Faking data for security sounds unrealistic. However, it is an important strategy across data platforms. Formally known as data masking, it adds functional value to the same set that appears differently. Remember, its market value is marching towards USD 1268 million by 2028, making it a differentiator while picking the best tool. Before I discuss those, let’s understand what it’s all about and the top techniques.
Data masking creates a ‘copy’ of a data set with a similar structure but may vary in value. It is an important technique to protect sensitive data by making it unidentifiable and immutable to unauthorized users.
Data masking is important for ensuring consistency and usability across multiple databases. The purpose behind creating a functional substitute is to use it for QA, user training and demonstrations without revealing the actual values.
Importance of data masking
Emulating data to protect sensitive information and yet achieve a few other things has the following benefits:
• It enables organizations to stay in compliance with GDPR by eliminating the risk of sensitive data exposure. Thus, it offers a competitive edge to others.
• It ensures end-to-end security and makes the data useless even if hackers access it.
• Eliminates the risk of exposure during data sharing with third-party applications.
Moreover, organizations engaging in outsourced partnerships are at continuous risk of exposing their data to a third party. With masking, they can proceed with confidence and without any concerns. Among many, the following are the most common types of data where masking is widely applicable:
• Protected health information
• Personally Identifiable Information
• Payment Card Information
• Intellectual property
Top Data Masking Techniques
While there are many on the list, I am narrowing it down to the most important ones:
As the name suggests, this technique uses an encryption algorithm to mask the data. Only an encryption key can be used to decrypt it. The data is secure as long as authorized users only hold the key. In any case, unauthorized access could expose the data.
Scrambling jumbles the characters, numbers and special characters into a new data value that hides the original content.
It’s a simple technique, doesn’t imply to all data types and is not the best of all techniques to mask sensitive data. For example, the employee ID that reads 12345 is masked into 23154; it may not be difficult for hacking algorithms to decipher the original number.
This technique applies a null value to the targeted data column so that actual data stays hidden from any unauthorized user. However, it reduces data integrity and makes QA harder.
It masks the data by substituting its original value with a new one; without impacting the original contents and details. The simplistic technique works well across several data types. For example, masking the business partner names with a lookup file. Disguising the original ‘look’ often helps in protecting it from breaches.
Shuffling is a substitution done differently. It shuffles the masking data column with others. For example, shuffling the business partner names across multiple records. The new data looks accurate and yet doesn’t reveal any personal information. The only way to breach this technique would be to hack the shuffling algorithm.
Based on the pre-defined masking policy, this technique alters the data field. This includes increasing or decreasing the values. A simple example would be decreasing the date of the birth field by 100 days. The drawback of this method is that because the same policy applies to all values in a field, the compromise of one value results in the compromise of all values.
Pseudonymisation is a relatively newer term and, thus technique introduced with the GDPR guidelines. It implies that the data can’t be used for personal identification and requires removing direct identifiers and multiple identifiers that, upon combining, could potentially disclose an identity. Encoding identifiers protects user privacy and preserves the credibility of the masked data.

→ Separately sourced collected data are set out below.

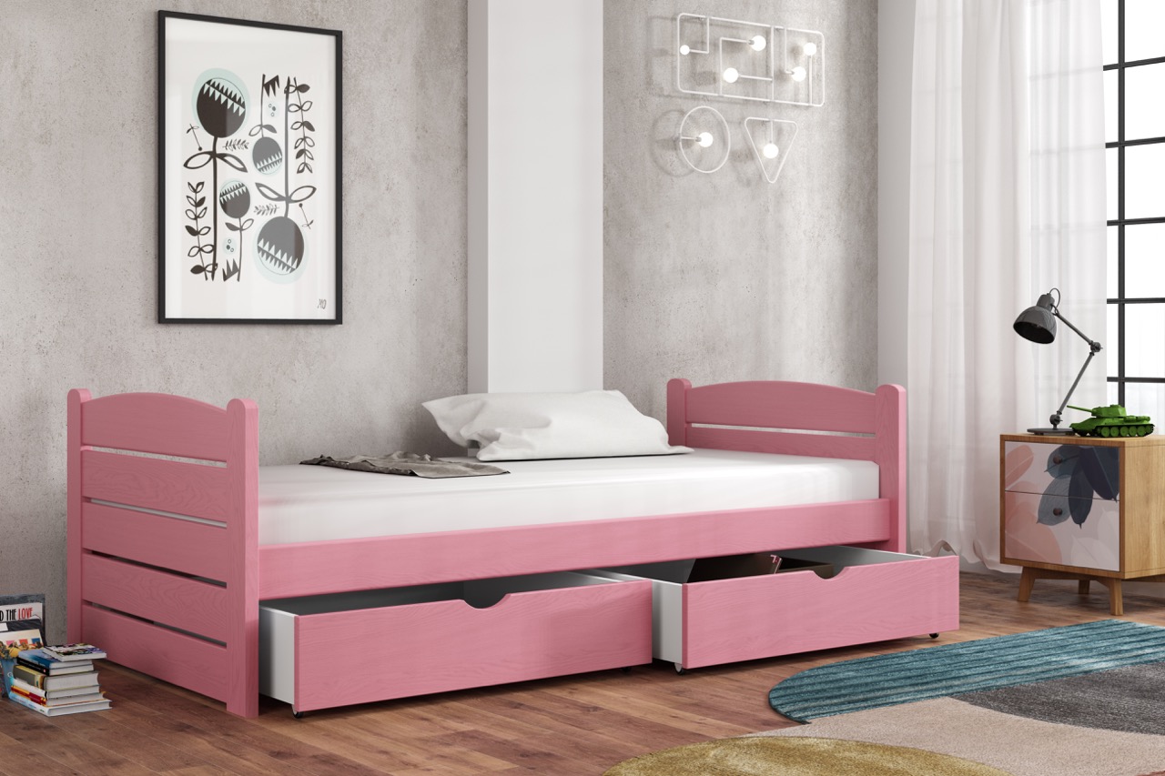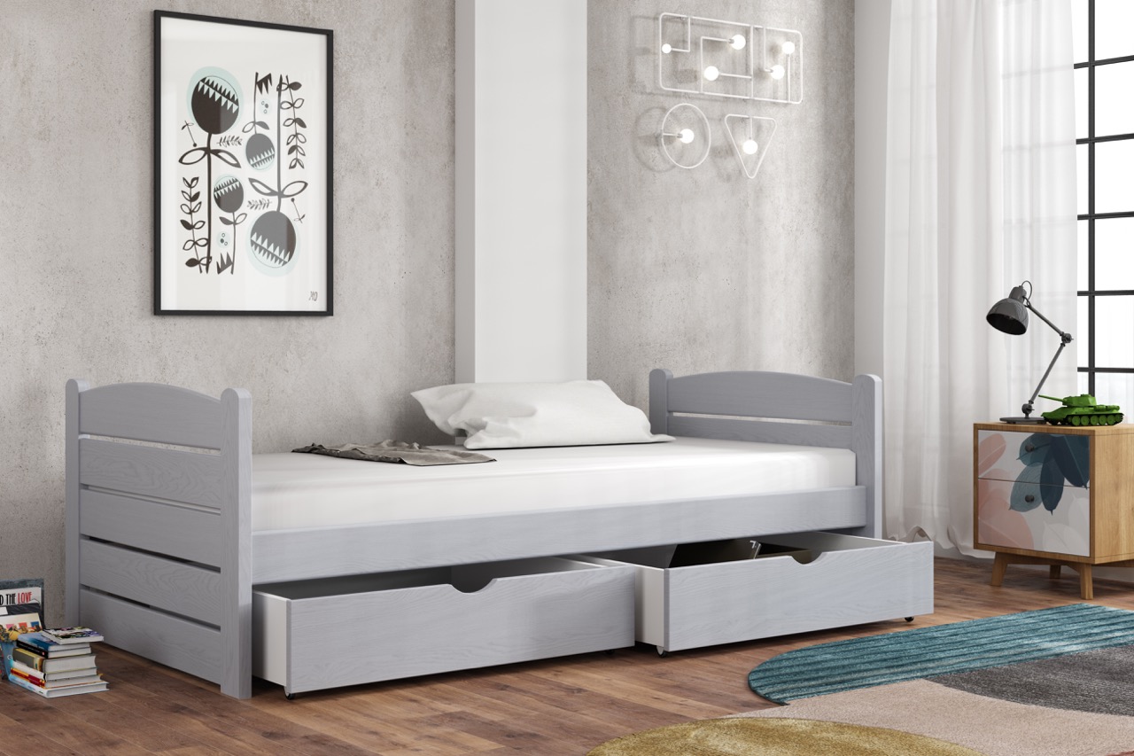 Łóżko Ula to subtelne, dziewczęce łóżko pojedyncze z zaokrąglonymi zagłówkami i solidną drewnianą konstrukcją, które zapewnia bezpieczny i komfortowy sen oraz elegancki, minimalistyczny wygląd.
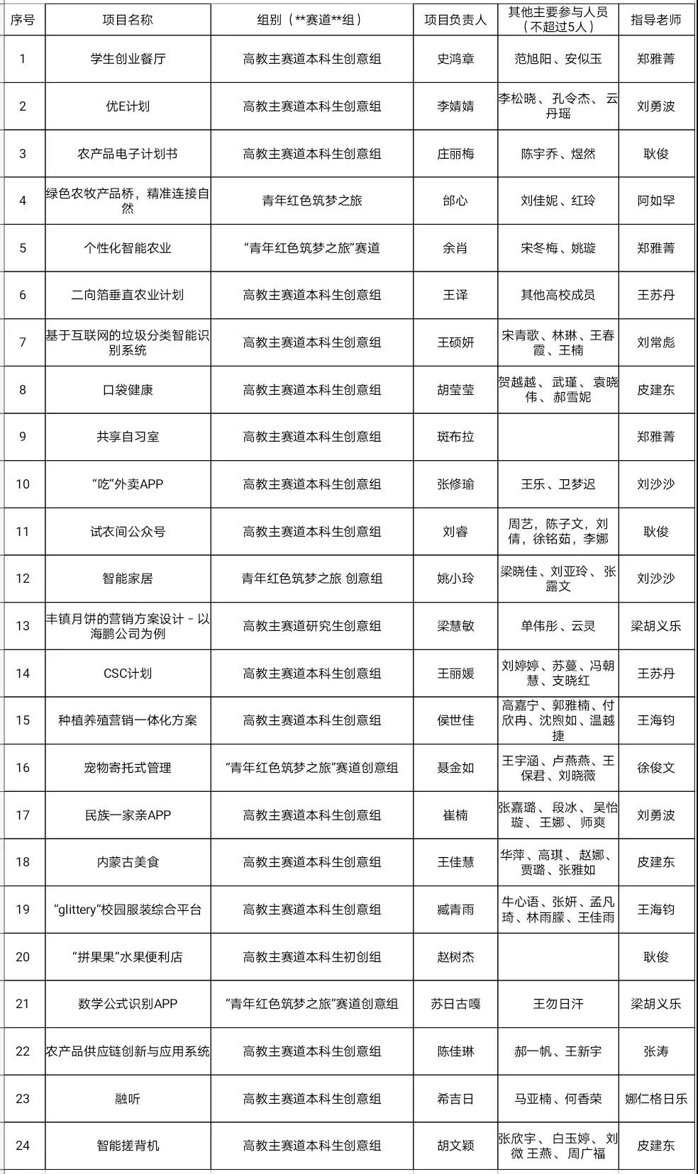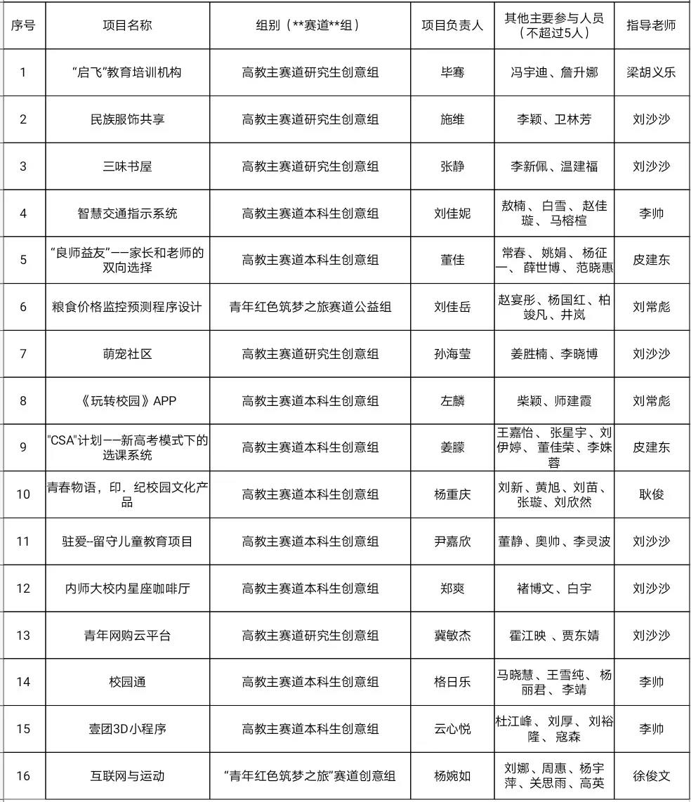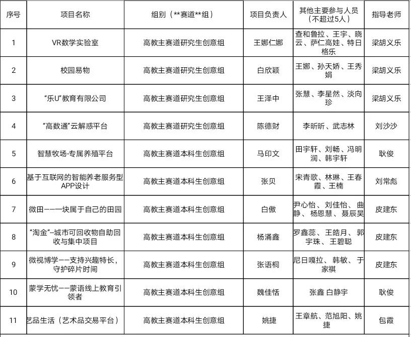第七届中国国际"互联网+"大学生创新创业大赛beat365英国官方网站院赛初审名单:
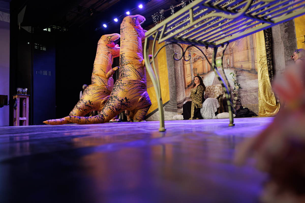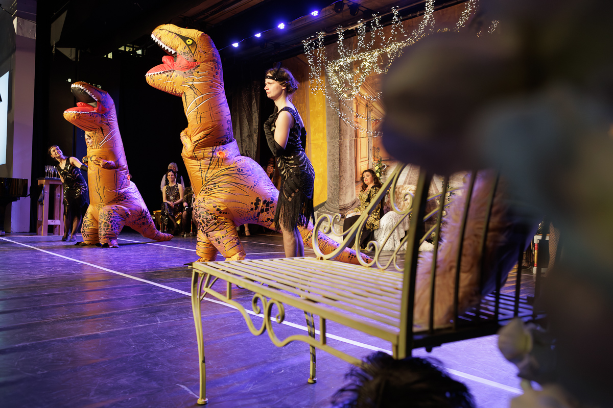 Auch die schon von der bergischen Opernproduktion „Die Fledermaus“ 2022 bekannten Dinosaurier gehen mit auf die Reise und sind bei einem Anbahnungstanz zu beobachten.
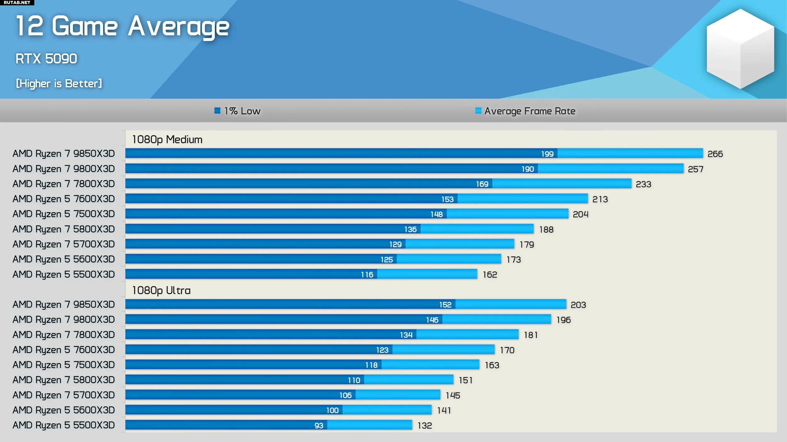 Согласно обзору от Hardware Unboxed, в котором использовалась видеокарта RTX 5090, были протестированы средние показатели FPS в 12 играх на процессорах AMD Ryzen 5 и Ryzen 7 с технологией 3D V-Cache, охватывающих три поколения архитектур: Zen 3, Zen 4 и Zen 5.
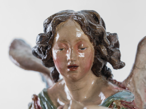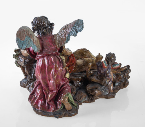 Esta delicada pieza en terracota policromada representando el Éxtasis de santa María Magdalena, pertenece a esta última etapa de su producción, desarrollada en la corte, en la que Luisa Roldán realizó un notable conjunto de grupos devocionales en barro cocido conocidos popularmente como “alhajas”; una nomenclatura que ya se empleó en su época por los rasgos formales de carácter preciosista que caracterizan a este tipo de obras, similares a los de las joyas o adornos. La obra, procedente de una colección particular, fue dada a conocer hace algunos años, cuando fue publicada en la revista Ars Magazine, por el doctor Alfonso Pleguezuelo, quien la puso en relación con el ejemplar que, con el mismo tema, se conserva en la Hispanic Society de Nueva York. Las dos esculturas son similares en su exquisito y pormenorizado tratamiento, pero presentan entre ellas una diferencia evidente: el número de personajes, ya que en el ejemplar americano son dos ángeles mancebos los que asisten a la santa en su tránsito místico, mientras que en éste sólo hay uno; un hecho que obligó a la escultora a modificar ligeramente la posición de algunas figuras.
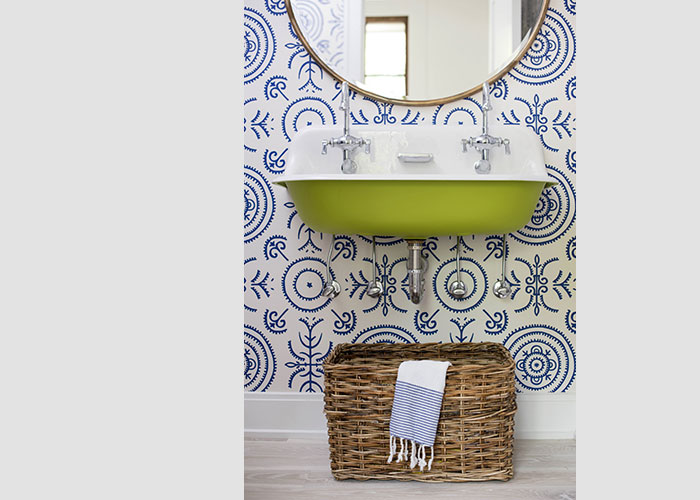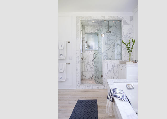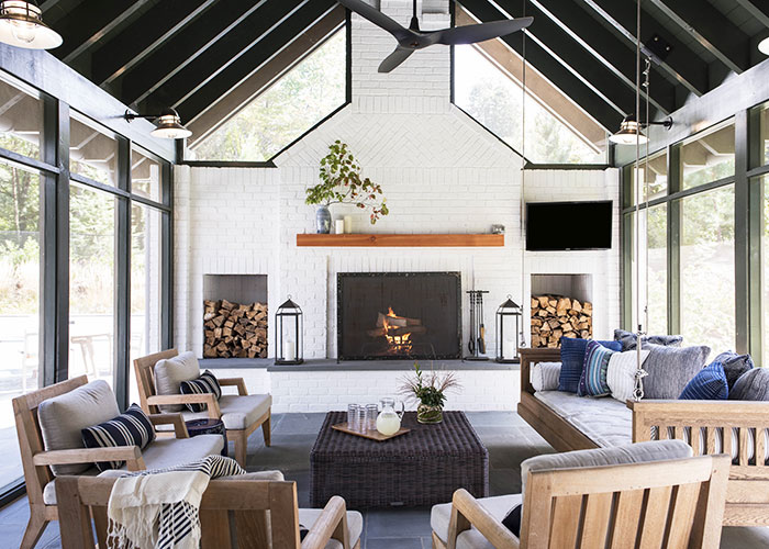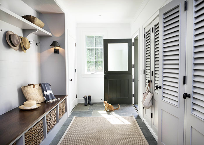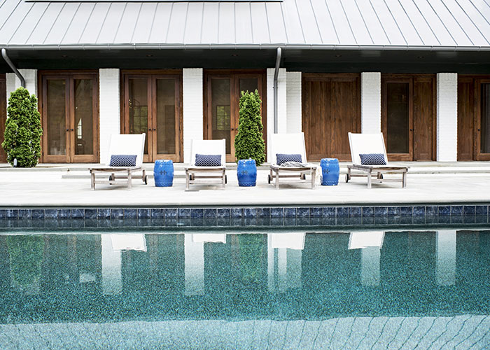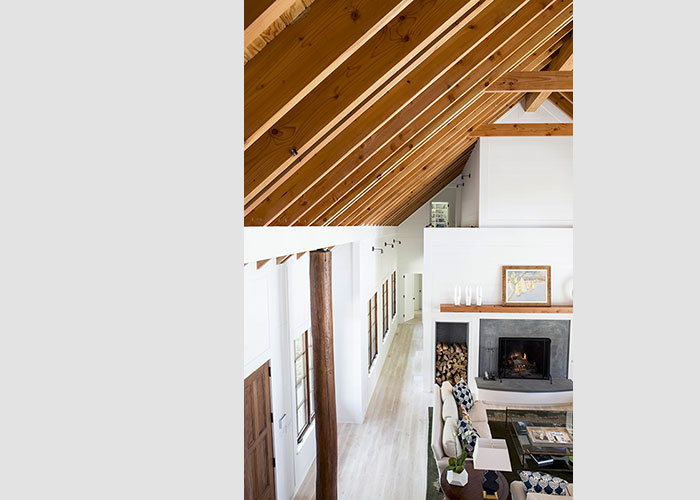 Entry from the arrival forecourt is directly into a bright and lofty great room that opens opposite to a bluestone-paved pool terrace. The natural finish of the Douglas Fir exposed rafter ceiling is contrasted with the painted wall paneling and the pickled finish of the wood floors. Just beyond the light-filled kitchen, a screen porch with fireplace and hanging daybed divides the pool area from lawn and woodland to the west.
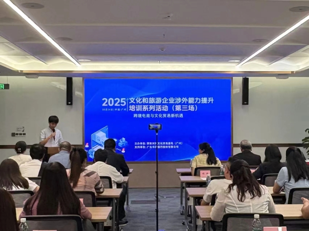 10月14日,由国家对外文化贸易基地(广州)主办、广东华兴银行股份有限公司支持的“文化和旅游企业涉外能力提升培训系列活动(第三场)——跨境电商与文化贸易新机遇”在广州举办。本次活动聚焦数字经济背景下的文化贸易与跨境电商融合路径,为近百名来自文旅企业、跨境电商平台、法律服务机构和行业协会参会者搭建起专业交流平台,助力文旅产品与服务加速“走出去”。

Redaction implies using generic values to replace sensitive data that is not required for QA or development purposes. Here, the data has no attributes similar to the original set.
Averaging means hiding the individual values except for their aggregate or average. A very simple example would be hiding the salaries in an employee details table and only showcasing their average.
High-performance data platforms
The degree of security by masking data directly depends upon the performance of the data management platform. That is exactly why many data platforms, especially test data management solutions, pitch masking as an integral component.
For example, Oracle’s Data Masking Subsetting solution abbreviates cost by provisioning masked data for testing purposes. It helps in abbreviating IT costs.
Informatica’s dynamic data masking de-identifies the data sets and prevents unauthorized access to production environments such as order management, customer support, etc. It hides user-sensitive data such as name, age, accounts, role etc.
While we are at it, K2View’s data masking is surely the highlight of 2022. The popular data fabric and product platform capture data from fragmented points according to product schemas such as the business entity.
The fabric saves masked data for every business entity in an exclusive micro-database. With such an innovative approach, K2View executes dynamic masking for varied use cases such as test data management, legacy application modernization, pipelining and tokenization.
Other popular names include Delphix, DataProf, IBM Infosphere, CA, etc.
As discussed, data masking techniques are mostly simple yet highly effective in ensuring an end to end security for large data volumes. They enable the real data to be used for alternative functionalities such as testing, demos and training. While the scope of masking goes beyond, the above-mentioned techniques provide starting details. I recommend partnering with the right data product platform that provides integrated components including masking, pipelining, orchestrating, etc.